(Original notebook can be found in this gist)
Averages, sums and counts when grouping by
import pandas as pd
import numpy as np
Assume we have a table where each row corresponds to a transaction and indexed by timestamp.
By re-sampling this table by 1H frequency and counting the number of transaction per hour, we get a new aggregated view when each row corresponds to an hour and the value is the count of transaction happened within that hour.
As an example, we start with the following table. This demonstrates the result of the re-sampling mentioned above.
np.random.seed(42)
idx = pd.date_range('2017-01-01', '2017-01-14', freq='1H')

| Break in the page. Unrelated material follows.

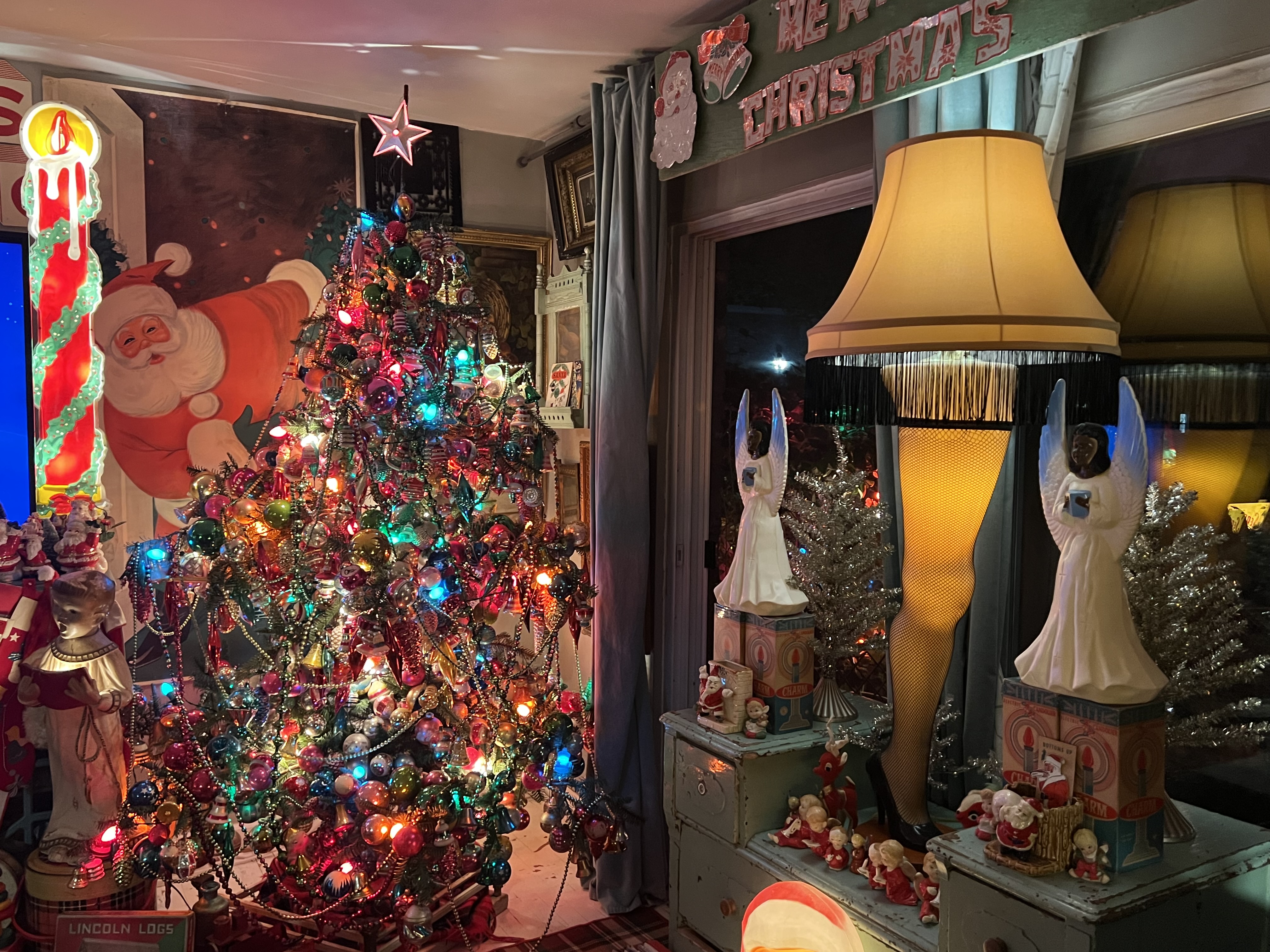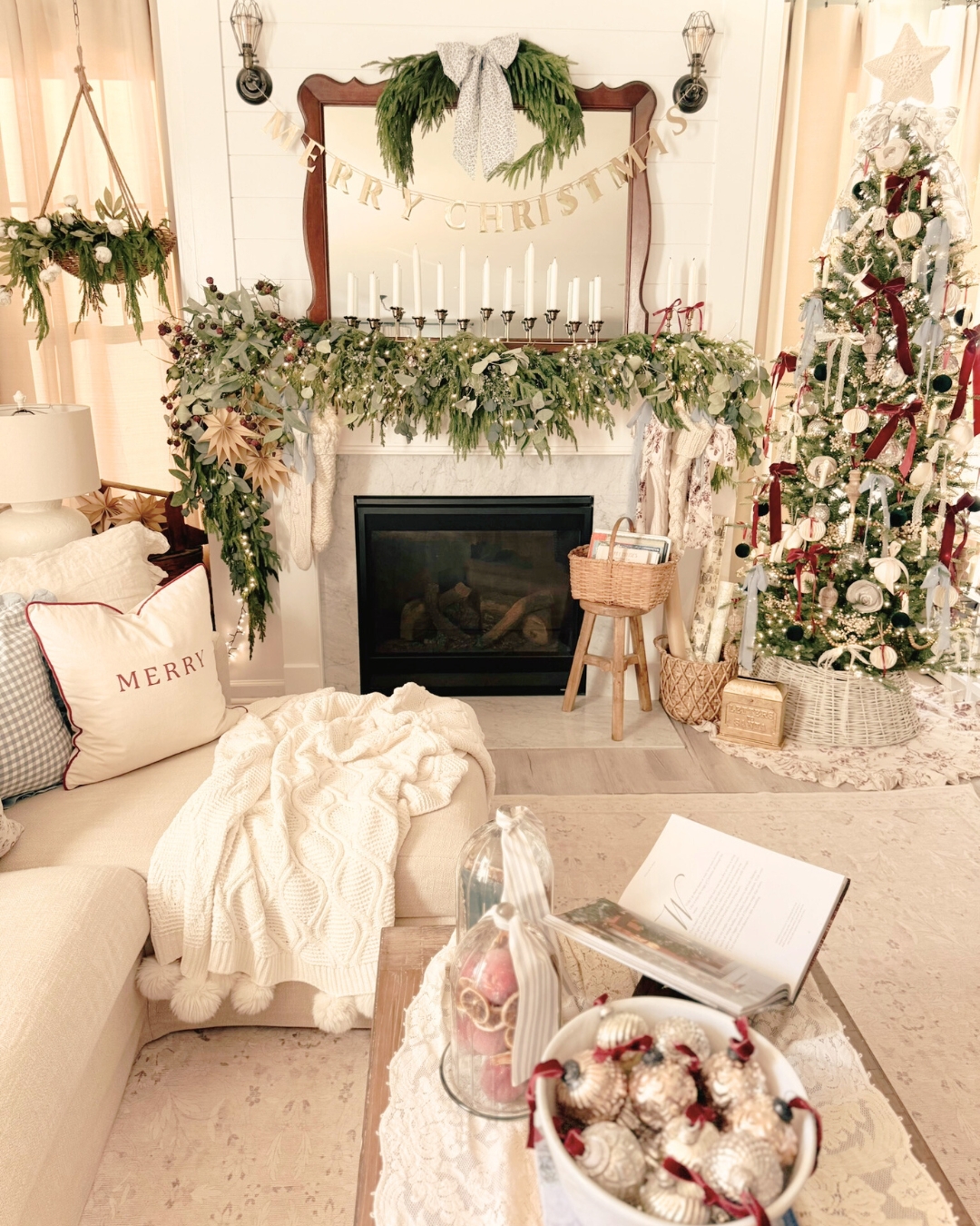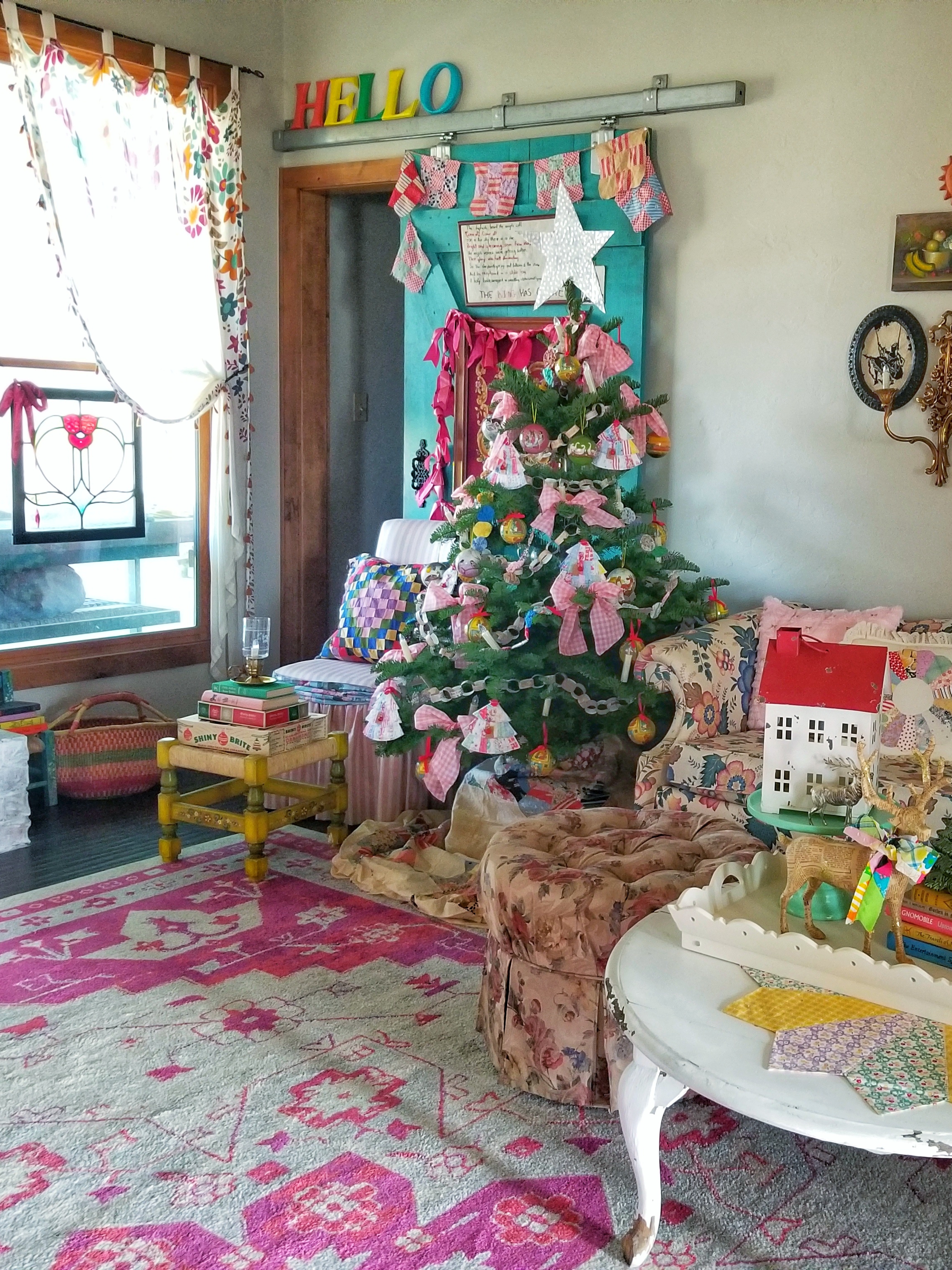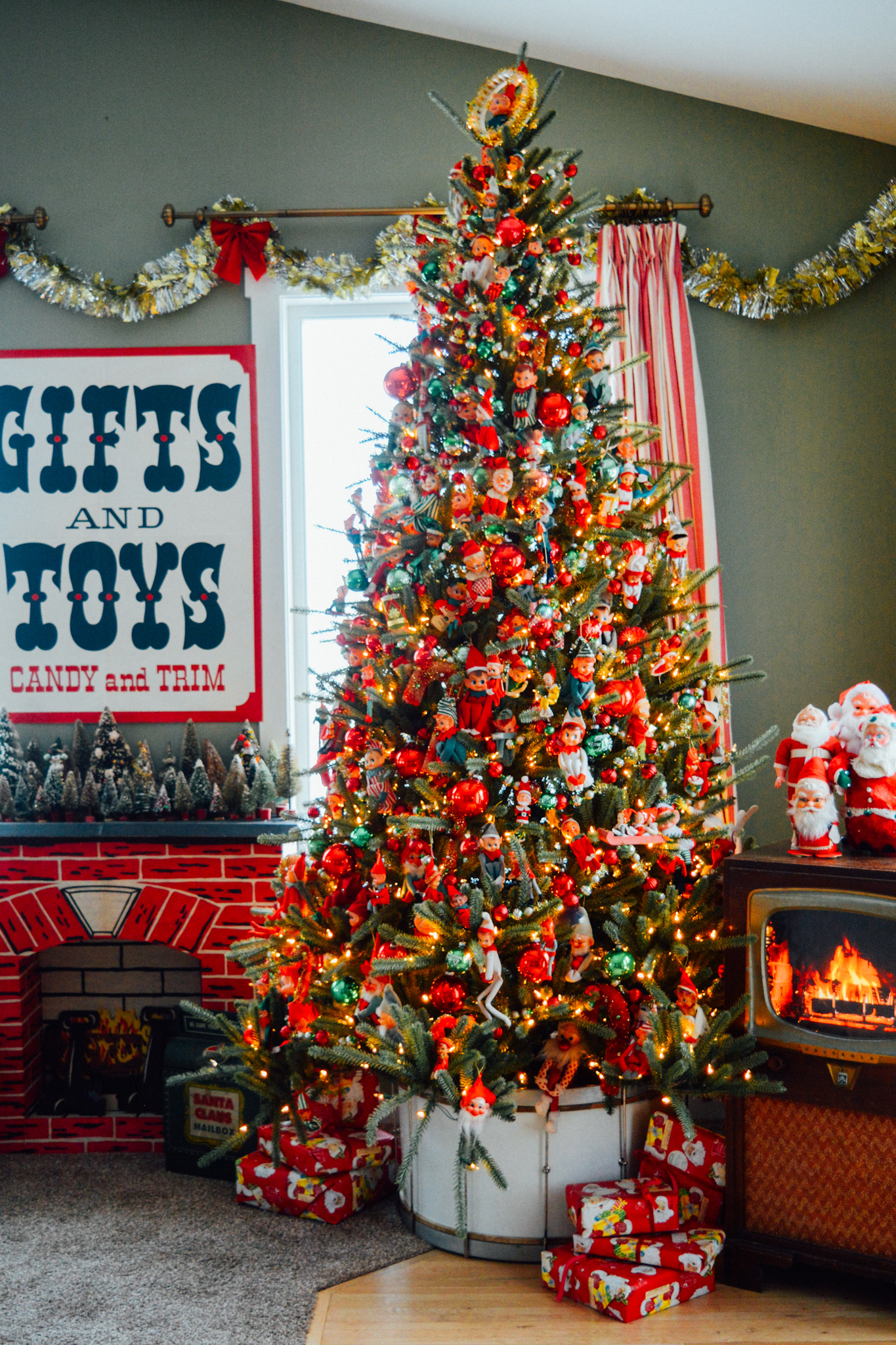 A collection of vintage and new ornaments, cherished family ornaments, oversized jingle bells, a Santa’s Post mailbox, a vintage ruler tree topper, beaded garland, and tons of tinsel create our 2025 tree.

df = pd.DataFrame(np.random.choice([1,2,3,4,5,6], size=idx.shape[0]), index=idx, columns=['count'])
df.head()
| count | |
|---|---|
| 2017-01-01 00:00:00 | 4 |
| 2017-01-01 01:00:00 | 5 |
| 2017-01-01 02:00:00 | 3 |
| 2017-01-01 03:00:00 | 5 |
| 2017-01-01 04:00:00 | 5 |
The objective is to measure behavior as depending on the day of the week (Mo., Tue. etc.) First, let us count how many events happened during each weekday. This can be achieved in couple of ways:
df.pivot_table('count', index=df.index.dayofweek, aggfunc='sum')
| count | |
|---|---|
| 0 | 161 |
| 1 | 170 |
| 2 | 164 |
| 3 | 133 |
| 4 | 169 |
| 5 | 98 |
| 6 | 172 |
or:
df.groupby(df.index.dayofweek).sum()
| count | |
|---|---|
| 0 | 161 |
| 1 | 170 |
| 2 | 164 |
| 3 | 133 |
| 4 | 169 |
| 5 | 98 |
| 6 | 172 |
Lastly, being more explicit (and less Pythonic):
pd.DataFrame(
[
df[df.index.dayofweek==i].sum()[0] for i in range(7)
],
columns=['count']
)
| count | |
|---|---|
| 0 | 161 |
| 1 | 170 |
| 2 | 164 |
| 3 | 133 |
| 4 | 169 |
| 5 | 98 |
| 6 | 172 |
Next, we want to compute the average number of transaction per weekday. First, let's do it explicitly, for Monday (day 0). The total number of transactions is:
df[df.index.dayofweek == 0].sum()
count 161
dtype: int64
In the dates range used, there are two Mondays, therefore, the average is:
((df.resample('1d').sum()).index.dayofweek == 0).sum()
2
Therefore, the average is:
df[df.index.dayofweek == 0].sum() / ((df.resample('1d').sum()).index.dayofweek == 0).sum()
count 80.5
dtype: float64
One may think the following syntax is a quicker way:
df.pivot_table('count', index=df.index.dayofweek, aggfunc='mean')
| count | |
|---|---|
| 0 | 3.354167 |
| 1 | 3.541667 |
| 2 | 3.416667 |
| 3 | 2.770833 |
| 4 | 3.520833 |
| 5 | 3.920000 |
| 6 | 3.583333 |
But this returns the wrong average. To be more precise, it divides the number of transactions per day-of-week by the number of hours that occurred in this day-of-week in the time range, given by:
df.groupby(df.index.dayofweek).count()
| count | |
|---|---|
| 0 | 48 |
| 1 | 48 |
| 2 | 48 |
| 3 | 48 |
| 4 | 48 |
| 5 | 25 |
| 6 | 48 |
Or, put together:
df.groupby(df.index.dayofweek).sum() / df.groupby(df.index.dayofweek).count()
| count | |
|---|---|
| 0 | 3.354167 |
| 1 | 3.541667 |
| 2 | 3.416667 |
| 3 | 2.770833 |
| 4 | 3.520833 |
| 5 | 3.920000 |
| 6 | 3.583333 |
A way around it, would be:
count_per_day_df = df.resample('1d').sum()
count_per_day_df.groupby(count_per_day_df.index.dayofweek).mean()
| count | |
|---|---|
| 0 | 80.5 |
| 1 | 85.0 |
| 2 | 82.0 |
| 3 | 66.5 |
| 4 | 84.5 |
| 5 | 49.0 |
| 6 | 86.0 |
I mentioned this maybe counter intuitive behavior on SO.